### Try it
Return the lines that run from the line containing "Elegant Peacock Press" through the end of the entries, both ends included. Leave out all pictures.

Records below:

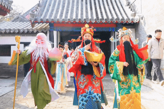 在三孔景区,偶遇身着华服的“福禄寿”三星,他们含笑巡游于青砖灰瓦之间,将福气递到每一位游客的掌心,这不仅是表演,更是一种源于古老年俗的赐福仪式。
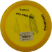 Käytetystä kiekosta löydät kuntoluokituksen lisäksi kolme tuotekuvaa (kansi, pohja ja siipi), painon (g) sekä tiedot tussimerkinnöistä.
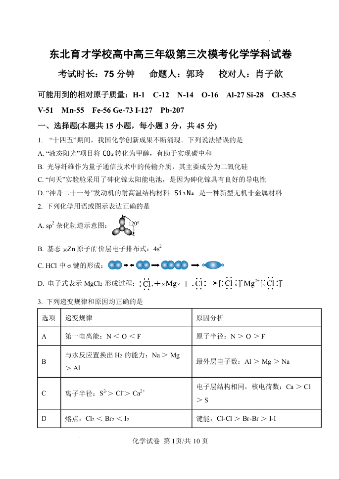 高三化学--辽宁省沈阳市东北育才学校2026届高三上学期第三次模拟考试
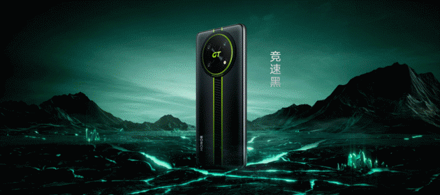 在竞速黑配色机身背面,覆盖了经典质感的碳纤纹理,视觉层面将战斗气息直接拉满。背部居中处还对齐覆盖了荧光绿、碳黑两色的经典撞色涂装,双荧光线条的纹理设计形似一条梦幻赛道,让人热血沸腾。赛道顶部贯穿着标志性的圆环相机模组,中间小圆内镭射出和赛道一体色的荧光绿“GT”字样,独具风格。
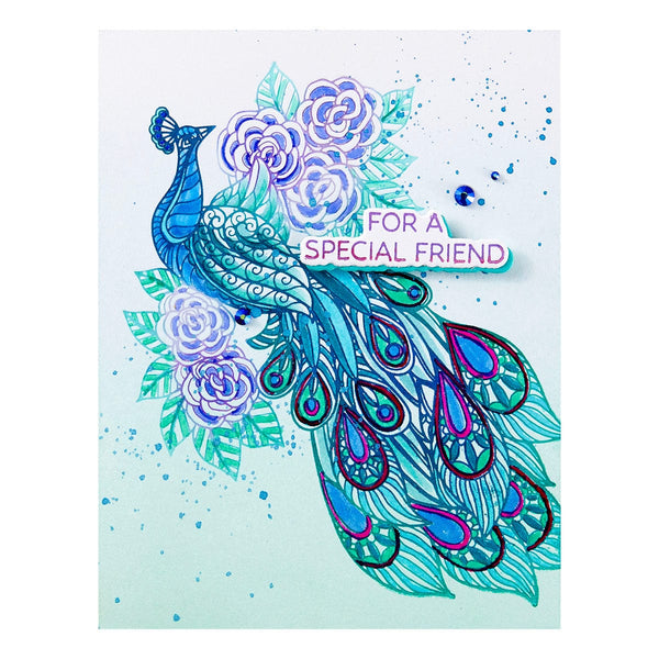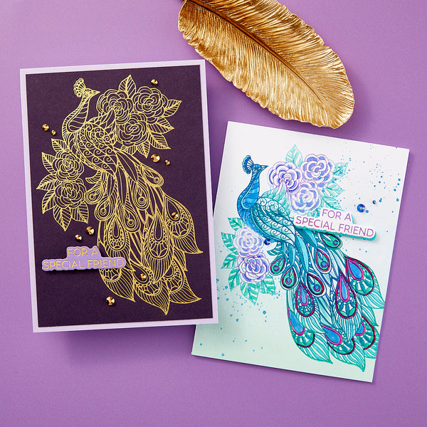 Elegant Peacock Press Plate & Die Set from the Peacock Paradise Collection by Dawn Bibby
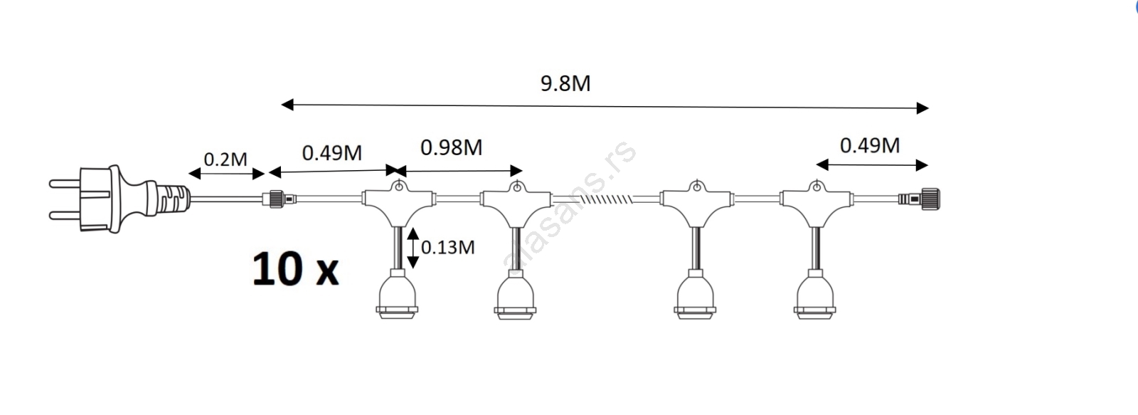 • Lanci se mogu povezati do 100 m (maks. sijalica 2 W).
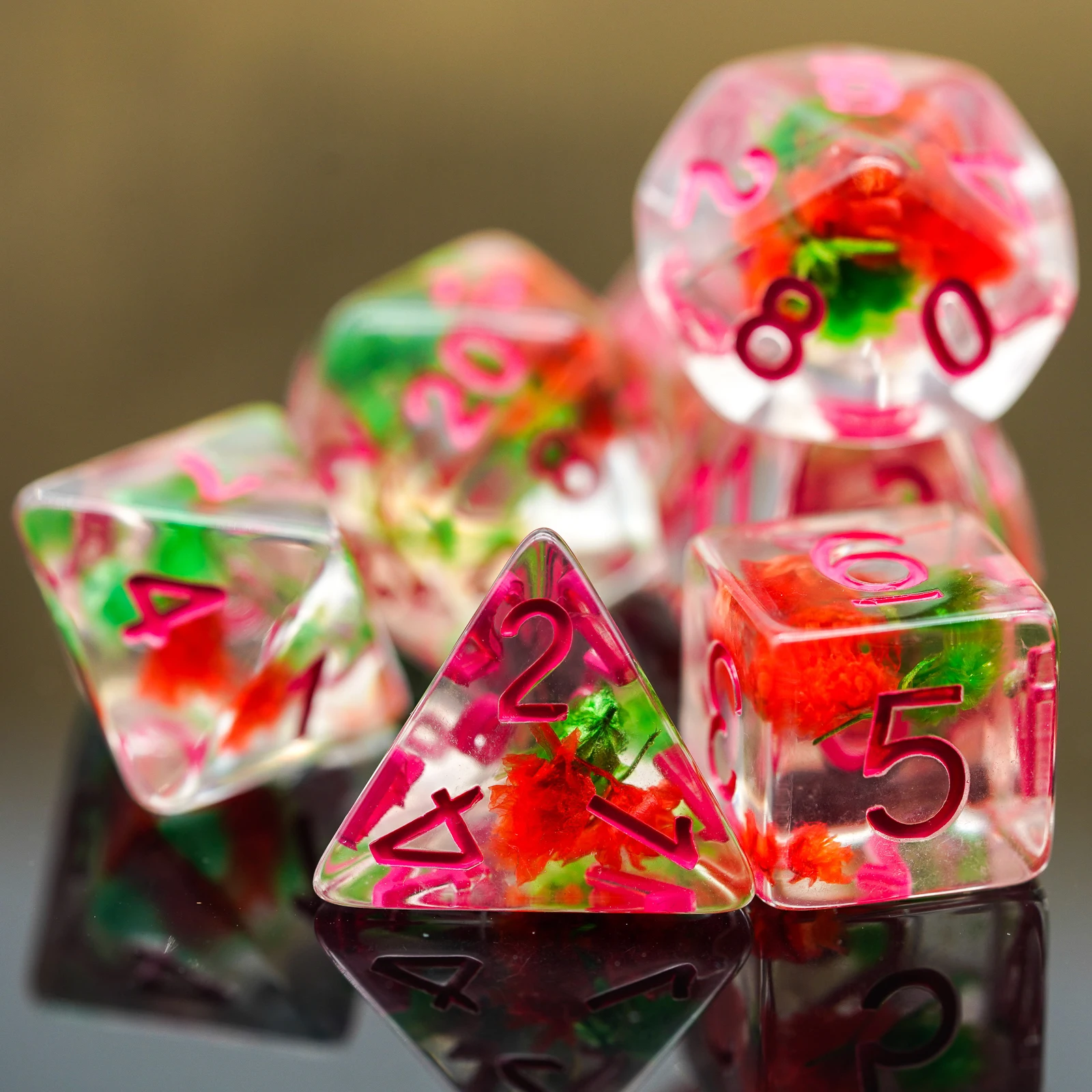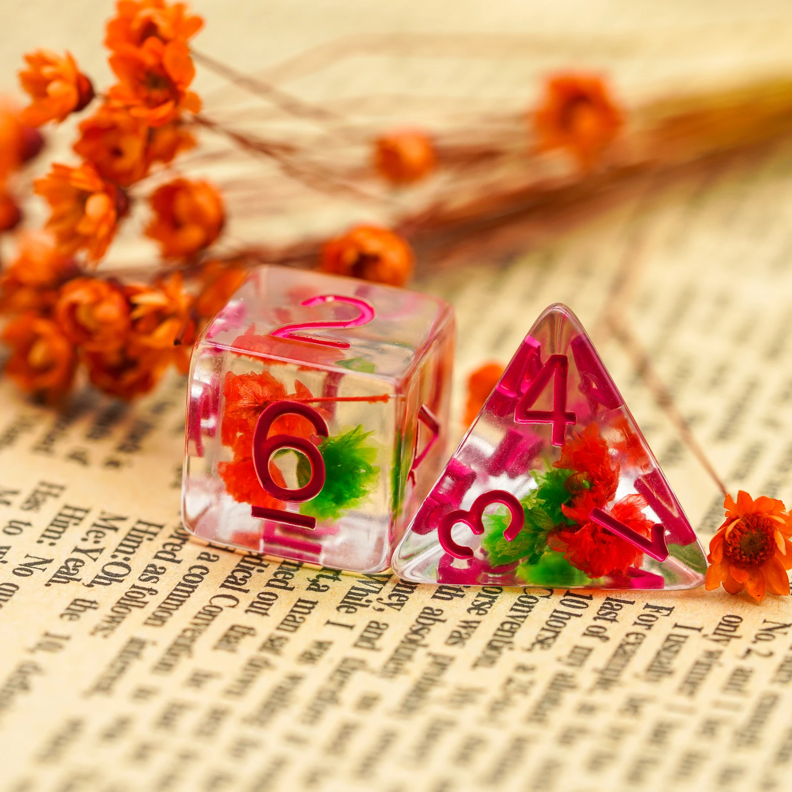 Это уникальный набор игральных костей на рынке, каждый кубик наполнен цветами, красивыми и великолепными.

End of Records.

### Output for this exercise
 Elegant Peacock Press Plate & Die Set from the Peacock Paradise Collection by Dawn Bibby
 • Lanci se mogu povezati do 100 m (maks. sijalica 2 W).
 Это уникальный набор игральных костей на рынке, каждый кубик наполнен цветами, красивыми и великолепными.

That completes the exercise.